Retype the data that follows line by line, exactly, and leave its pictures out.

►

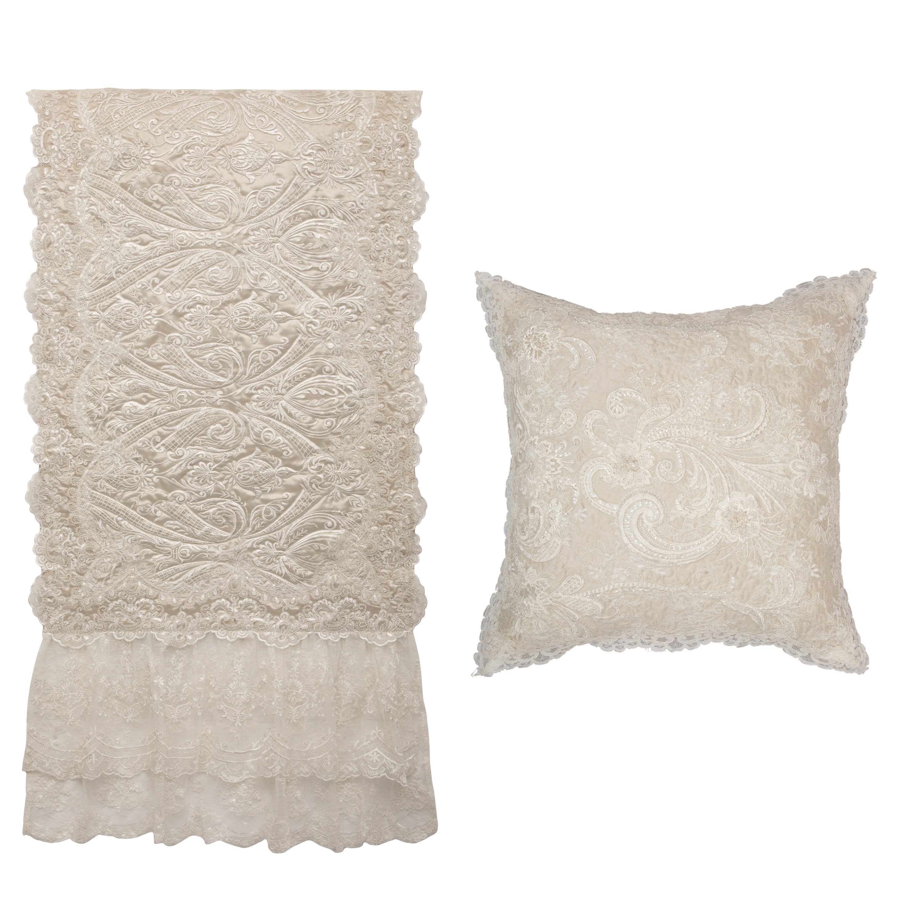 Extra info - Runner embellished with print, lace, tassels, quilted front and plain back. Filler not included. Photo colors may vary slightly from actual.
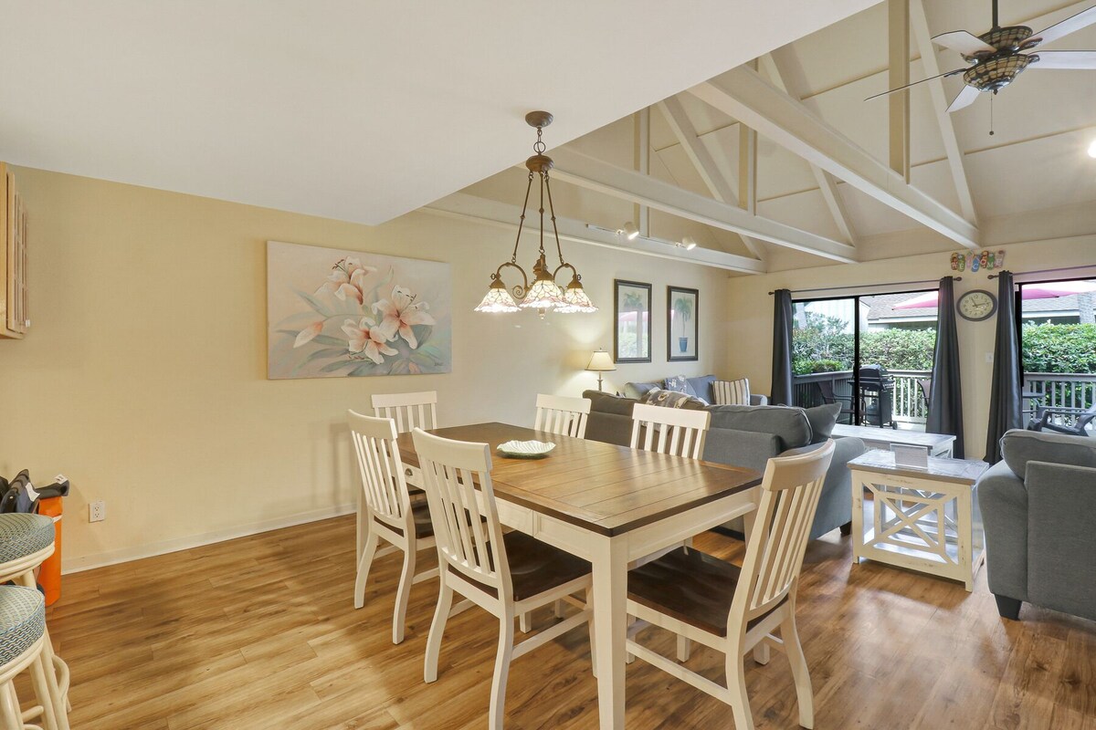 This vacation rental is both family and pet-friendly! Queens Grant is located in the popular Palmetto Dunes Resort, the center area of Hilton Head. With all amenities provided by the Award Winning Palmetto Dunes Resort, you are just minutes from the beach, steps from Hilton Head’s great bike paths, golf courses and terrific shopping and dining. There are 4 community swimming pools and the Robert Trent Jones golf course located just steps from my villa that can be enjoyed by family members. The Palmetto Dunes Tennis Center and General store are both just a short walk away. The recently renovated two bedroom private end unit villa can sleep a total of nine people when you utilize the queen sleep sofas in the living room. The spacious 1500 square feet villa has a large deck and patio area with beautifully maintained landscaping. The master bedroom has a patio, comfortable King-size bed, 42 inch HDTV, and brand new private tiled bathroom with extra large walk-in tile shower. The large living Room with vaulted ceiling has a brand new 60 inch flat screen TV in the living area, HIGH SPEED (Cable Modem) internet access WIFI (Wireless). WIFI is SECURE! The spacious kitchen has an open space design and is very well equipped with all the comforts of home. New washer and dryer off the kitchen area. We provide beach chairs, beach cart with big rollers and one cooler with big rollers. Sorry, NO SMOKING! This is not a timeshare! There are no tours or sales presentations! There are no hidden fees. If you are interested, e-mail me the following information: your full name; date of arrival, date of departure, number in party, if you have a pet, and telephone number. CHECK-IN TIME IS 4:00 P.M. AND CHECK-OUT TIME IS 10:00 A.M. Guests pay the parking passes at the security gate, up to two parking passes allowed. Relax and enjoy the good life here at Palmetto Dunes Resort! Our prices include all fees. No hidden fees.
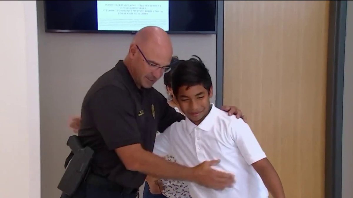 Walking to school will no longer be an option for the child. The hug to the Coral Gables police consultant who came up with the idea showed appreciation for the surprise.
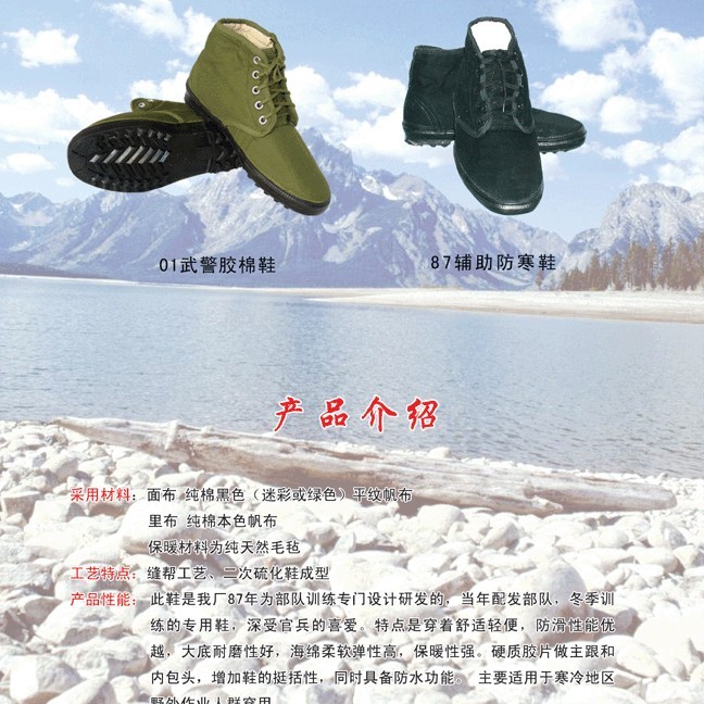 我公司生产的职业装鞋靴、手套和皮带服务于国家着装单位和央企各大集团。目前我们生产的鞋类结构有:硫化鞋系列、模压鞋系列、冷粘鞋系列,固特异鞋系列产品畅销全国各地。
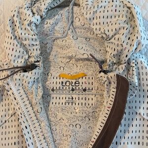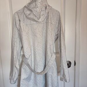 White with Black dots, LOLE raincoat with hood, 2 side zip pockets, optional elasticized belt, and 2 way front zip closure.

◄

EXERCISE RESPONSE
 Extra info - Runner embellished with print, lace, tassels, quilted front and plain back. Filler not included. Photo colors may vary slightly from actual.
 This vacation rental is both family and pet-friendly! Queens Grant is located in the popular Palmetto Dunes Resort, the center area of Hilton Head. With all amenities provided by the Award Winning Palmetto Dunes Resort, you are just minutes from the beach, steps from Hilton Head’s great bike paths, golf courses and terrific shopping and dining. There are 4 community swimming pools and the Robert Trent Jones golf course located just steps from my villa that can be enjoyed by family members. The Palmetto Dunes Tennis Center and General store are both just a short walk away. The recently renovated two bedroom private end unit villa can sleep a total of nine people when you utilize the queen sleep sofas in the living room. The spacious 1500 square feet villa has a large deck and patio area with beautifully maintained landscaping. The master bedroom has a patio, comfortable King-size bed, 42 inch HDTV, and brand new private tiled bathroom with extra large walk-in tile shower. The large living Room with vaulted ceiling has a brand new 60 inch flat screen TV in the living area, HIGH SPEED (Cable Modem) internet access WIFI (Wireless). WIFI is SECURE! The spacious kitchen has an open space design and is very well equipped with all the comforts of home. New washer and dryer off the kitchen area. We provide beach chairs, beach cart with big rollers and one cooler with big rollers. Sorry, NO SMOKING! This is not a timeshare! There are no tours or sales presentations! There are no hidden fees. If you are interested, e-mail me the following information: your full name; date of arrival, date of departure, number in party, if you have a pet, and telephone number. CHECK-IN TIME IS 4:00 P.M. AND CHECK-OUT TIME IS 10:00 A.M. Guests pay the parking passes at the security gate, up to two parking passes allowed. Relax and enjoy the good life here at Palmetto Dunes Resort! Our prices include all fees. No hidden fees.
 Walking to school will no longer be an option for the child. The hug to the Coral Gables police consultant who came up with the idea showed appreciation for the surprise.
 我公司生产的职业装鞋靴、手套和皮带服务于国家着装单位和央企各大集团。目前我们生产的鞋类结构有:硫化鞋系列、模压鞋系列、冷粘鞋系列,固特异鞋系列产品畅销全国各地。
 White with Black dots, LOLE raincoat with hood, 2 side zip pockets, optional elasticized belt, and 2 way front zip closure.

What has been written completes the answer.